* Your instructions:
The lines below from the one with "한정근 아시아브랜드연구소 대표는" up to and including the one with "(W) 쓰리타임즈 파이핑 크롭 후드 화이트" are what you should set down, exactly and without pictures.

Records contained in a dataset
————————
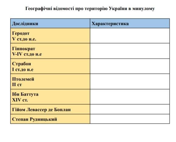 На этой странице сайта, в категории География размещен ответ на вопрос Заповніть таблицюДаю 45 балов?. По уровню сложности вопрос рассчитан на учащихся 5 - 9 классов. Чтобы получить дополнительную информацию по интересующей теме, воспользуйтесь автоматическим поиском в этой же категории, чтобы ознакомиться с ответами на похожие вопросы. В верхней части страницы расположена кнопка, с помощью которой можно сформулировать новый вопрос, который наиболее полно отвечает критериям поиска. Удобный интерфейс позволяет обсудить интересующую тему с посетителями в комментариях.
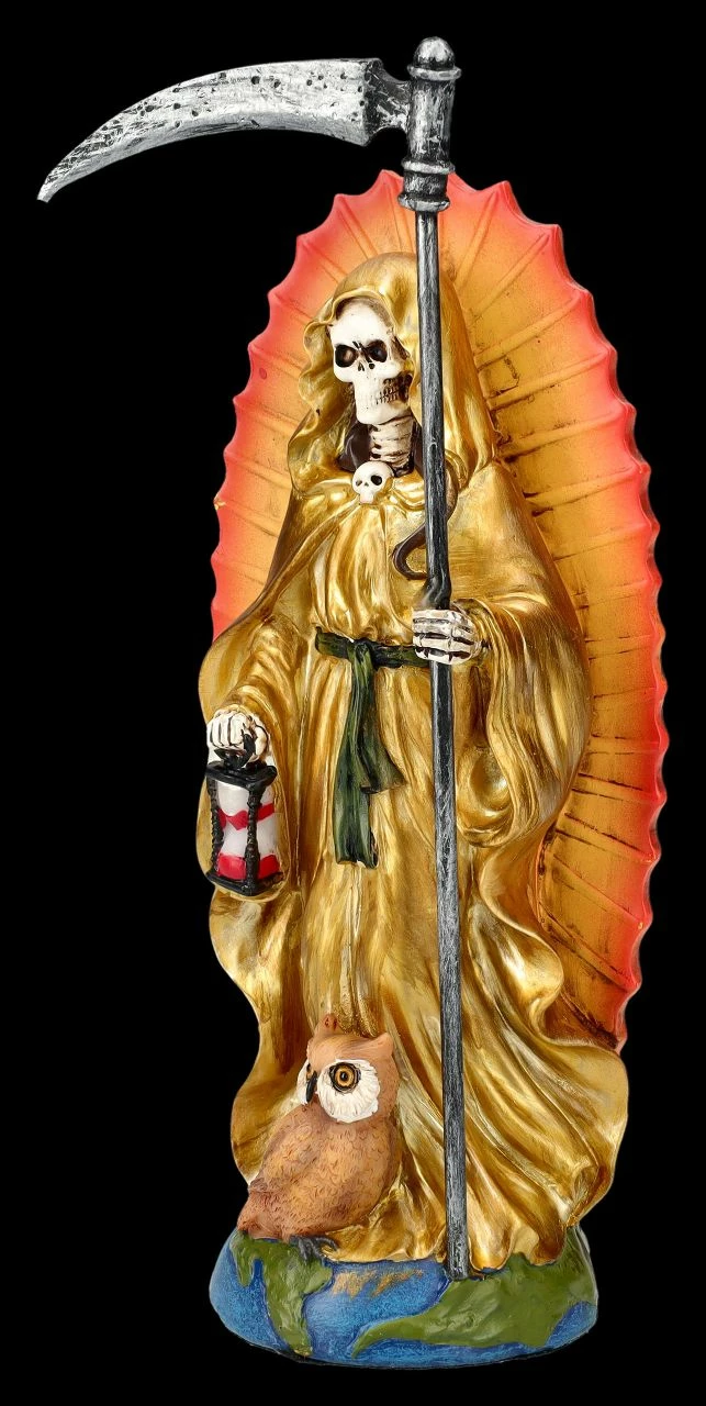 Die Laterne in der rechten Hand und seine Sense in der linken, steht der Sensenmann in edlem goldenen Umhang als Heiliger Tod vor einem roten Strahlenkranz auf der Erde. Ob reich oder arm – er ist es schließlich, der letztendlich alle in sein Reich holen wird. Dass er kluge Entscheidungen über den Zeitpunkt stellt, beweist die Eule als Symbol der Weisheit, die ihn begleitet. Der 18,5 cm hohe, 7,5 cm breite und 6 cm tiefe Sensenmann im goldenen Umhang ist aus handbemaltem Kunststein (Polyresin). Die Santa Muerte Figur ist eine magische Deko zum Dia de los Muertos, bei der zwischen dem 31. Oktober und 2. November unterhaltsam an die Verstorbenen gedacht wird.
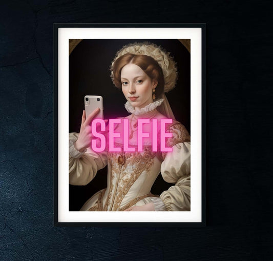 Selfie queen neon art, altered art funky print
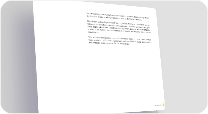 law. This concept, commonly known as “regulatory sandbox”, has been an platform development engine in other jurisdictions, such as the United Kingdom. This change and the legal certainty that it provides, will favor the creation and de- velopment of new ideas in a more expeditious way, since until now many entrepre- neurs feel they have been forced to invest significant financial resources and time to adapt to the current rules, with the risk of, in the end, not obtaining the respective authorization. This will allow entrepreneurs to test if a business model is viable. The minimum viable products - MVP - will be acceptable and recordable, so that if they work the new company could operate and try to scale rapidly. A TWO-WAY PATH 28
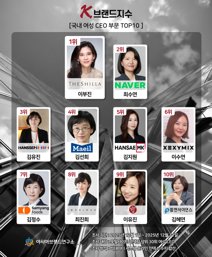한정근 아시아브랜드연구소 대표는 “이번 여성 CEO 부문은 기업의 재무적 성과뿐만 아니라, 리더 개인의 매력도와 소통 능력이 기업 가치에 절대적인 영향을 미치는지를 보여주는 첫 지표"라며 "1위를 차지한 이부진 사장과 2위 최수연 대표가 보여준 '글로벌 감각'과 '혁신적 리더십'은 물론, K-푸드 열풍의 주역인 김정수 부회장과 콘텐츠 시장을 선도하는 이유진 대표의 상위권 안착에 주목해야 한다"고 설명했다.
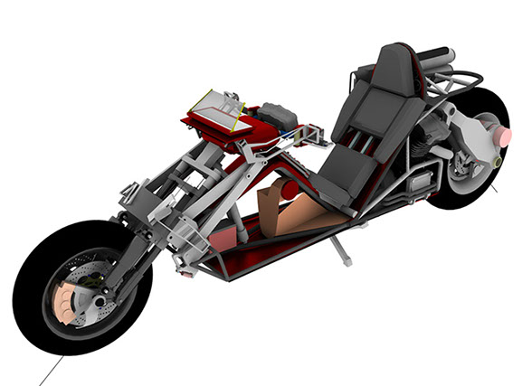 fully functional high performance recumbent motorcycle inspired by Kaneda's ride in "Akira"
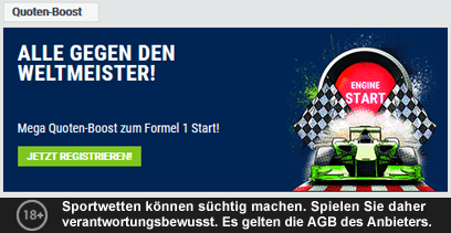 Dieses Bet at home Quoten Angebot für Formel 1 Tipps auf den Sieger steht lediglich Kunden aus Deutschland, Österreich, Polen, Montenegro, Slowakei, Schweiz, Slowenien und Kroatien zur Verfügung. Eine Kombination mit anderen Bet at home Aktionen ist nicht gestattet. Es gelten die AGB des online Wettanbieters. 18+
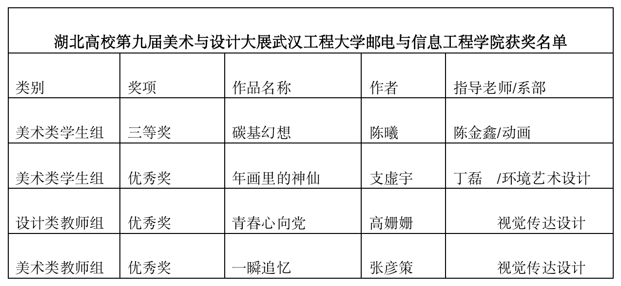 湖北高校美术与设计大展由湖北省教育厅,湖北省文化和旅游厅主办,面向全省高等院校教师和学生。每2-3年举办一届,至今已有20年历史,是湖北省高等院校美术设计领域的重要展览赛事。每届参赛院校包含湖北美术学院,华中科技大学,湖北大学,湖北工业大学等优秀高校。本届大展共收到75所高校报送的美术、设计、摄影作品合计共6800余件,我院师生共获奖4项,展示出扎实的美术与设计能力和专业竞赛水平。
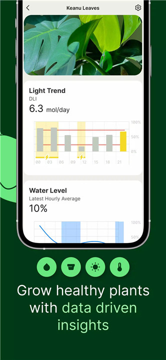 The app sends real-time push notifications for watering, fertilizing, repotting, or other care actions, based on sensor data and plant-specific needs.
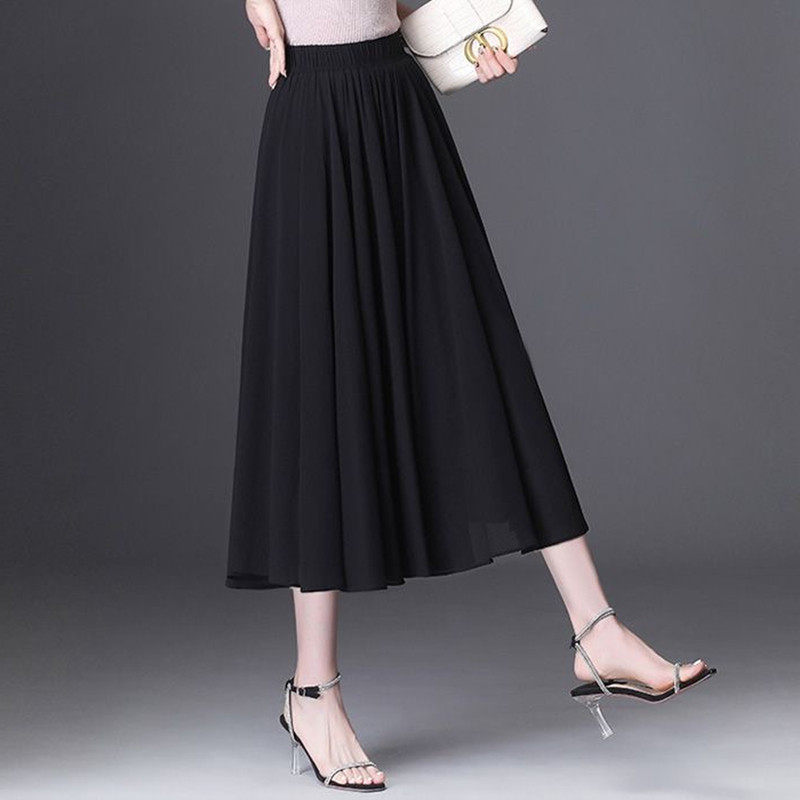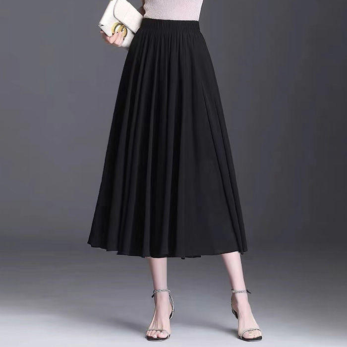 中长款雪纺半身裙女2026春季高腰显瘦a字裙大码胖mm松紧大摆伞裙
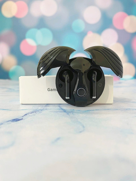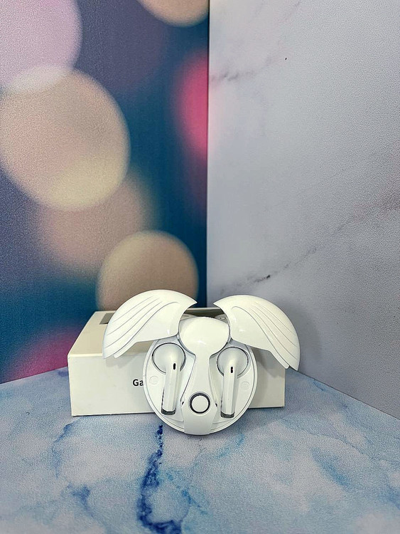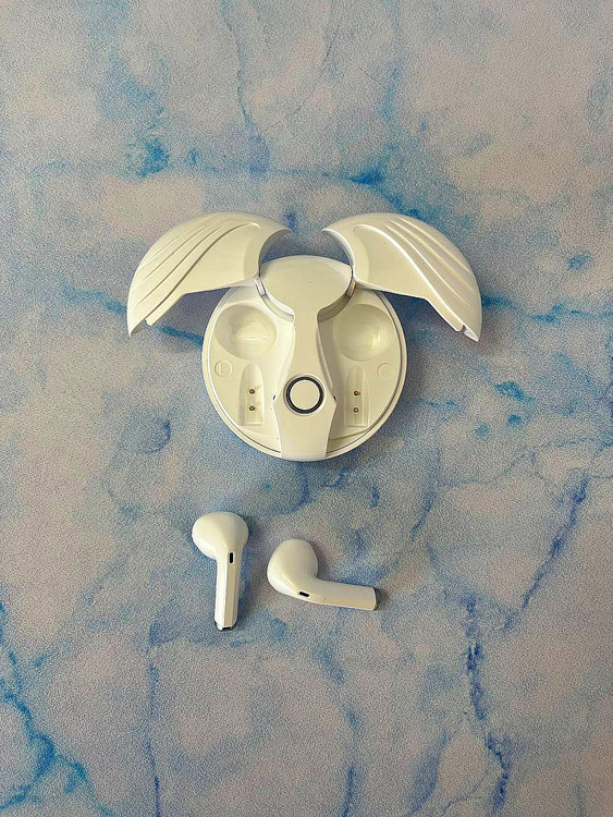 ترجمه این تصویر جعبه یک جفت هدفون بیسیم واقعی (TWS) با نام "Angel Wings" (بالهای فرشته) مدل HZC-80 را نشان میدهد.
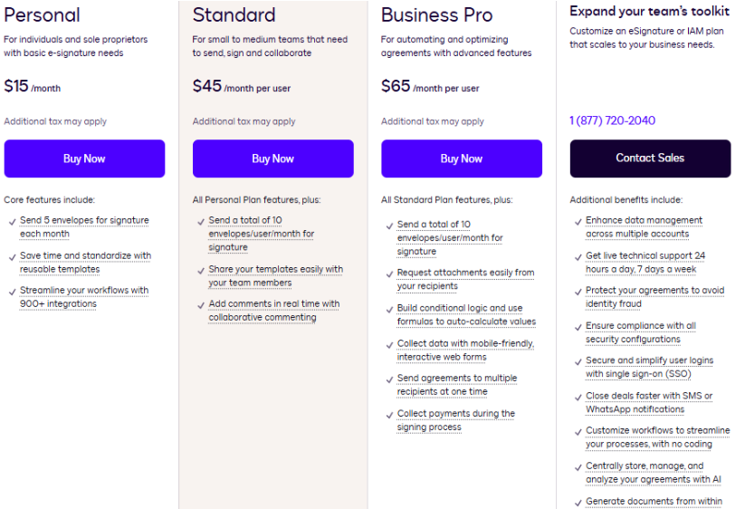 - Enhanced Plans: Customizable for larger teams with added benefits like 24/7 live support, identity fraud protection, single sign-on, AI-powered agreement management, and workflow customization.
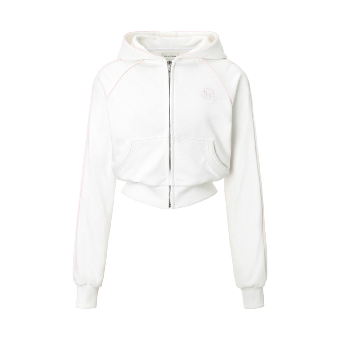 (W) 쓰리타임즈 파이핑 크롭 후드 화이트
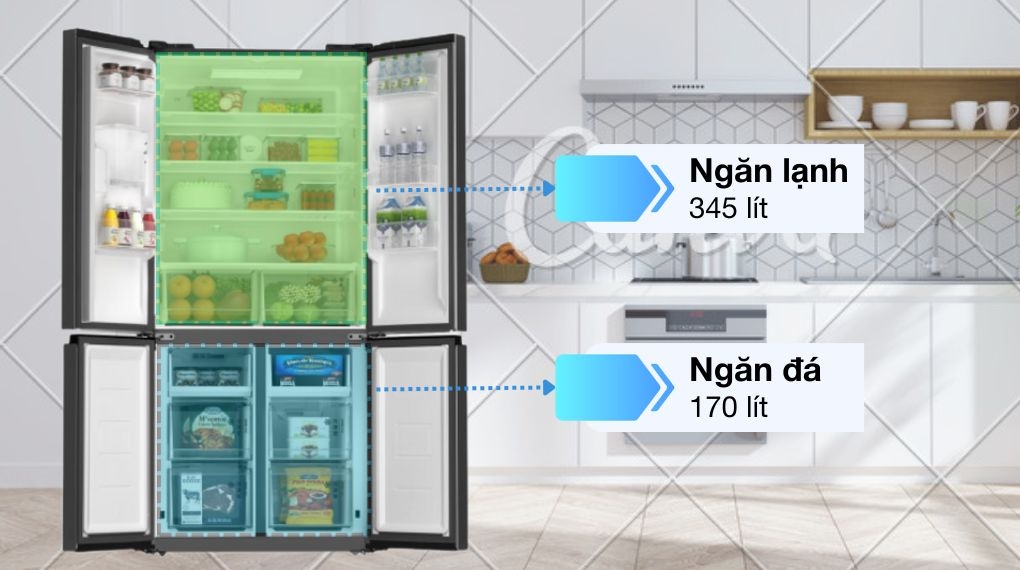 - Tủ lạnh Toshiba Multi Door có dung tích ngăn lạnh 345 lít, người dùng có thể thoải mái lưu trữ thực phẩm như rau củ, trái cây, thức uống,...
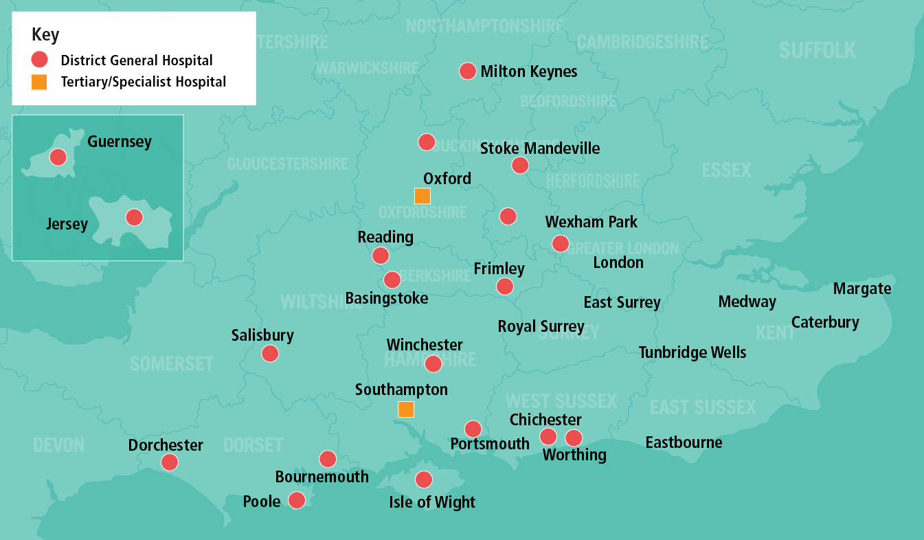 Thames Valley and Wessex Surgery in Children Operational Delivery Network works with 19 different hospitals across 13 different NHS Trusts. Routine surgery for children is provided across all of our hospitals for most types of surgery, with specialist surgery provided at our two specialist tertiary hospitals in Oxford and Southampton. The map shows where these hospitals are located.
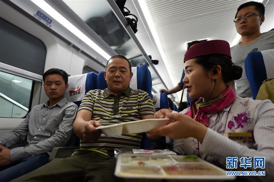 5月2日,在重慶火車北站,一位乘坐高鐵的旅客通過“成渝高鐵”微客服訂餐,乘務(wù)員按時(shí)將盒飯送至旅客的座位。新華社記者唐奕 攝
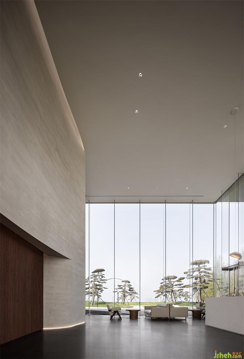 交疊垂直立面兩側(cè)留有臨窗路徑,售樓處設(shè)計(jì)逐漸現(xiàn)身的座位如航行時(shí)望見岸上星火點(diǎn)點(diǎn),旅程中目的地逐漸浮現(xiàn),漸強(qiáng)和聲引起人們對后方樂章的憧憬。
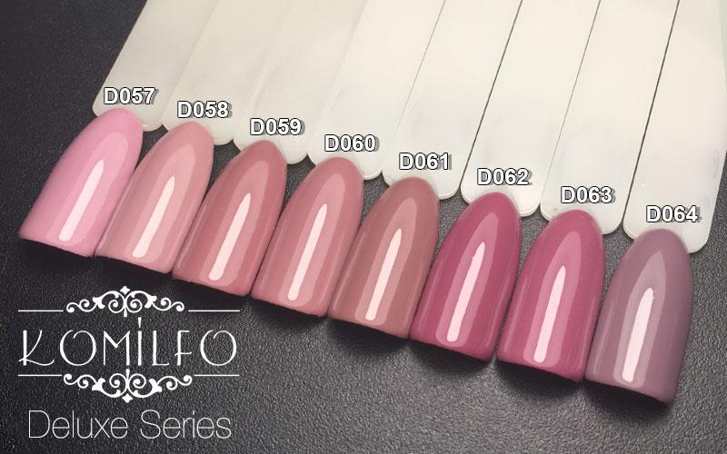 Komilfo Deluxe Series — це дуже пігментовані гель-лаки, щільно лягають, зносостійкі, зручні у нанесенні, самовирівнюються по нігтьовій пластині, легкорозчинні, ароматизовані та чудово поєднуються з продукцією інших виробників!
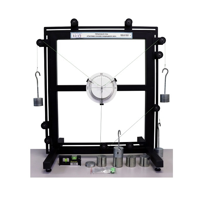 Учебное оборудование предназначено для проведения работ при изучении раздела «Теоретическая механика» курса технической механики. Учебный стенд позволяет изучить плоскую систему сходящихся сил и экспериментальным методом определить величину и направление равнодействующей силы.
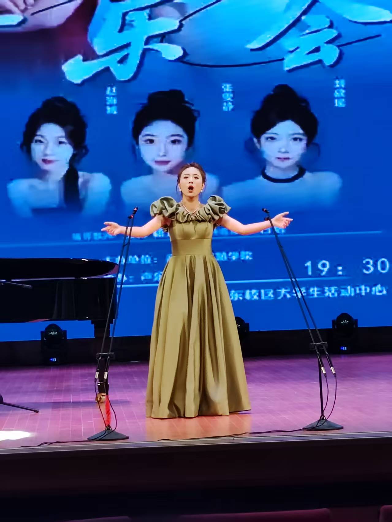 音乐会开场,代丹丹以一首磅礴大气的《爱人送我向日葵》率先登场,她稳健的气息控制与极具张力的嗓音,瞬间点燃现场气氛,将歌曲中的豪迈情感演绎得淋漓尽致,赢得阵阵掌声。紧接着,赵泊用她甜美且富有穿透力的嗓音,深情演绎了经典曲目二重唱《紫藤花》,细腻的情感表达与精湛的演唱技巧,让台下观众如痴如醉,沉浸在歌曲营造的浪漫氛围里。
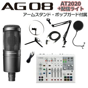 配信用ライト付属!AG08とマイクのセットです!【特徴】[セット内容]・YAMAHA AG08 ×1・コンデンサーマイク audio-technica AT2020×1・マイクケーブル・アーム型マイクスタンド・スマホ等接続用、4 極 ...
————————
* Final answer:
한정근 아시아브랜드연구소 대표는 “이번 여성 CEO 부문은 기업의 재무적 성과뿐만 아니라, 리더 개인의 매력도와 소통 능력이 기업 가치에 절대적인 영향을 미치는지를 보여주는 첫 지표"라며 "1위를 차지한 이부진 사장과 2위 최수연 대표가 보여준 '글로벌 감각'과 '혁신적 리더십'은 물론, K-푸드 열풍의 주역인 김정수 부회장과 콘텐츠 시장을 선도하는 이유진 대표의 상위권 안착에 주목해야 한다"고 설명했다.
 fully functional high performance recumbent motorcycle inspired by Kaneda's ride in "Akira"
 Dieses Bet at home Quoten Angebot für Formel 1 Tipps auf den Sieger steht lediglich Kunden aus Deutschland, Österreich, Polen, Montenegro, Slowakei, Schweiz, Slowenien und Kroatien zur Verfügung. Eine Kombination mit anderen Bet at home Aktionen ist nicht gestattet. Es gelten die AGB des online Wettanbieters. 18+
 湖北高校美术与设计大展由湖北省教育厅,湖北省文化和旅游厅主办,面向全省高等院校教师和学生。每2-3年举办一届,至今已有20年历史,是湖北省高等院校美术设计领域的重要展览赛事。每届参赛院校包含湖北美术学院,华中科技大学,湖北大学,湖北工业大学等优秀高校。本届大展共收到75所高校报送的美术、设计、摄影作品合计共6800余件,我院师生共获奖4项,展示出扎实的美术与设计能力和专业竞赛水平。
 The app sends real-time push notifications for watering, fertilizing, repotting, or other care actions, based on sensor data and plant-specific needs.
 中长款雪纺半身裙女2026春季高腰显瘦a字裙大码胖mm松紧大摆伞裙
 ترجمه این تصویر جعبه یک جفت هدفون بیسیم واقعی (TWS) با نام "Angel Wings" (بالهای فرشته) مدل HZC-80 را نشان میدهد.
 - Enhanced Plans: Customizable for larger teams with added benefits like 24/7 live support, identity fraud protection, single sign-on, AI-powered agreement management, and workflow customization.
 (W) 쓰리타임즈 파이핑 크롭 후드 화이트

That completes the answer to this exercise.